= The data =
══════════

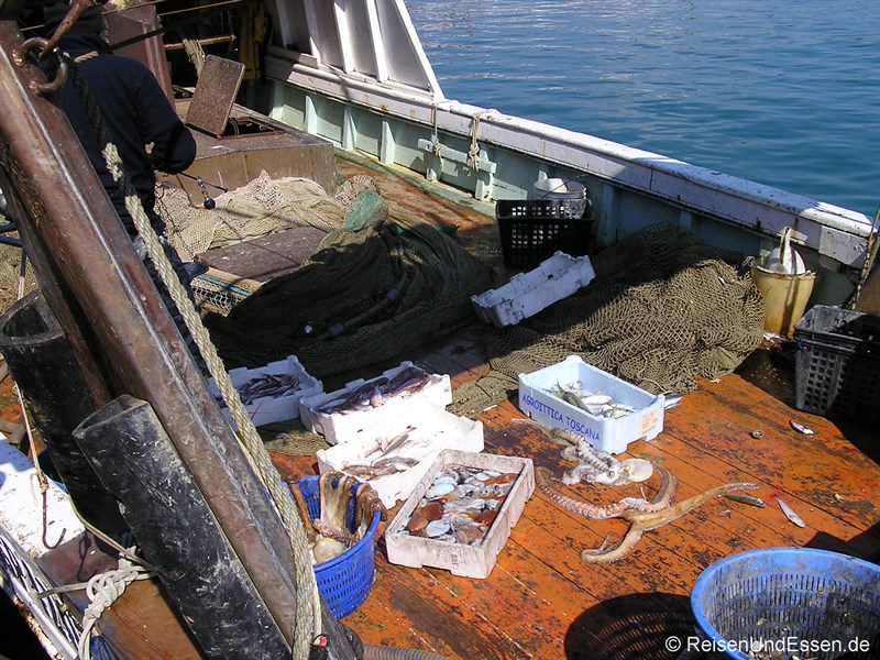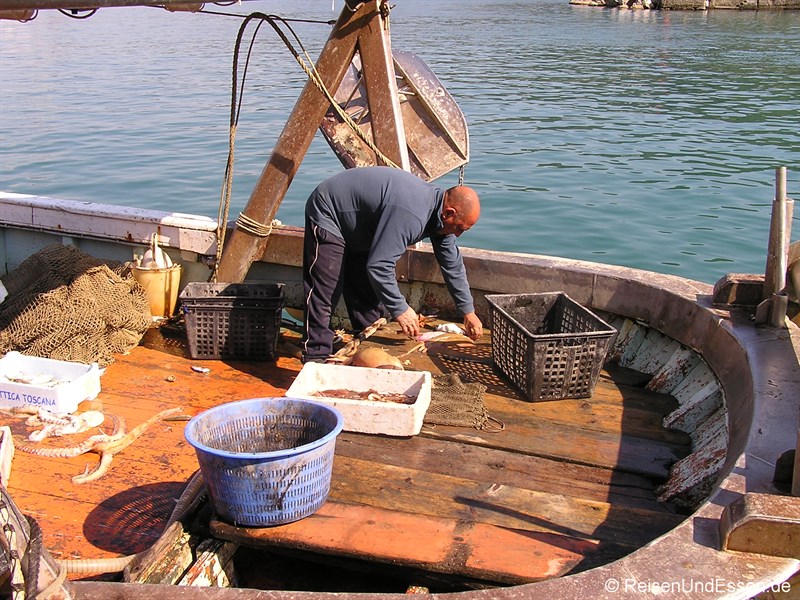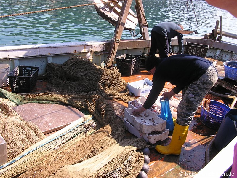 Einige Fischer sind im Hafen mit ihrem Fang beschäftigt.
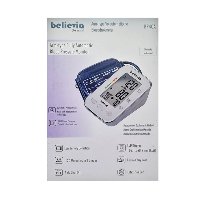 The BELIEVIA BP40A BP APP UPER ARM is a clinically-validated, easy-to-use blood pressure monitor. Use the accompanying app to track your readings over time and share them with your doctor. With accurate readings and convenient tracking, managing your blood pressure has never been easier.
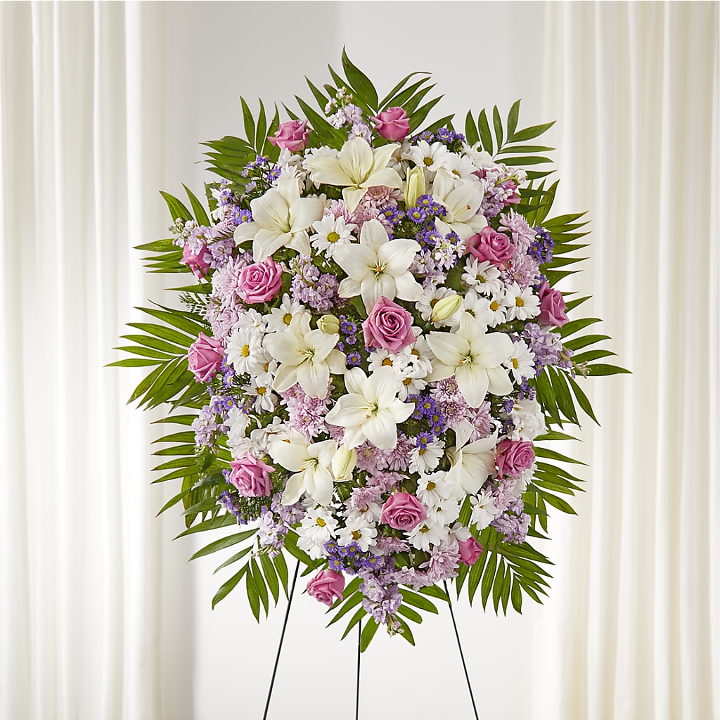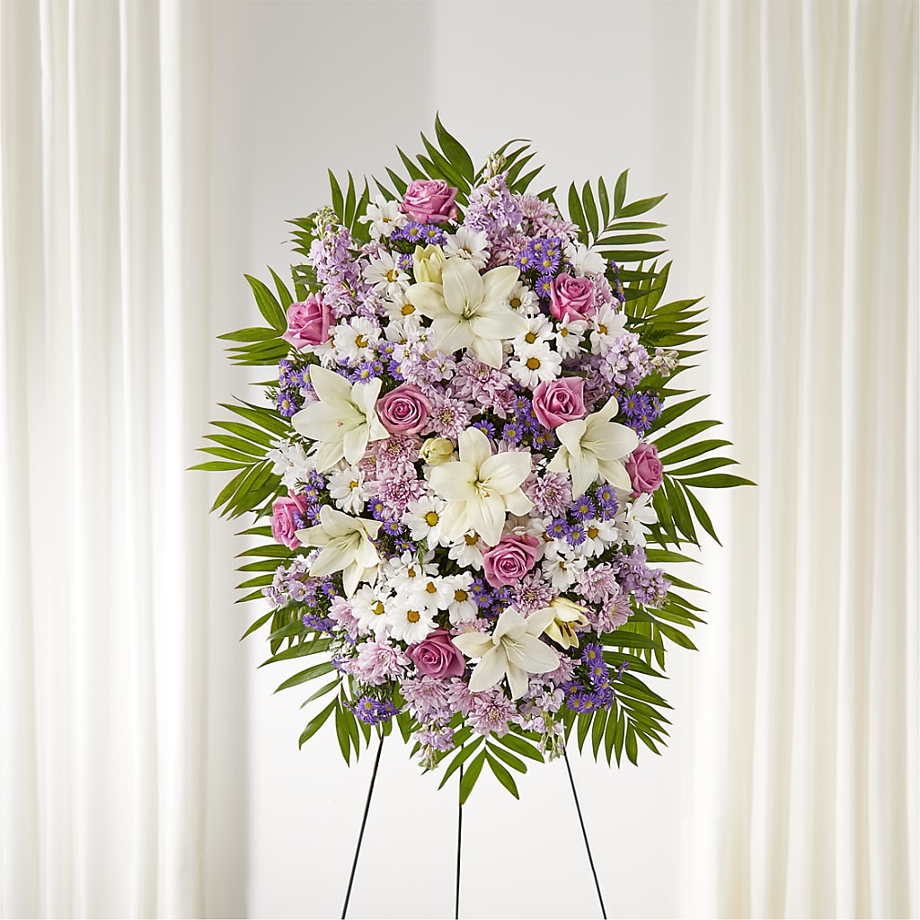 Envuélvalos en un hermoso abrazo en un momento de necesidad con un cálido y acogedor arreglo floral. Este arreglo floral, ingeniosamente diseñado con flores blancas y lavanda, le da un toque especial al servicio de un ser querido.
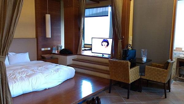 電視的位置有點奇妙,沒辦法很舒服的看電視,電視後方是一個小和室有一大片的景觀窗

══════════

= Exercise description =
Repeat the data in full, exactly as it stands, but drop every picture.

= Answer section =
 Einige Fischer sind im Hafen mit ihrem Fang beschäftigt.
 The BELIEVIA BP40A BP APP UPER ARM is a clinically-validated, easy-to-use blood pressure monitor. Use the accompanying app to track your readings over time and share them with your doctor. With accurate readings and convenient tracking, managing your blood pressure has never been easier.
 Envuélvalos en un hermoso abrazo en un momento de necesidad con un cálido y acogedor arreglo floral. Este arreglo floral, ingeniosamente diseñado con flores blancas y lavanda, le da un toque especial al servicio de un ser querido.
 電視的位置有點奇妙,沒辦法很舒服的看電視,電視後方是一個小和室有一大片的景觀窗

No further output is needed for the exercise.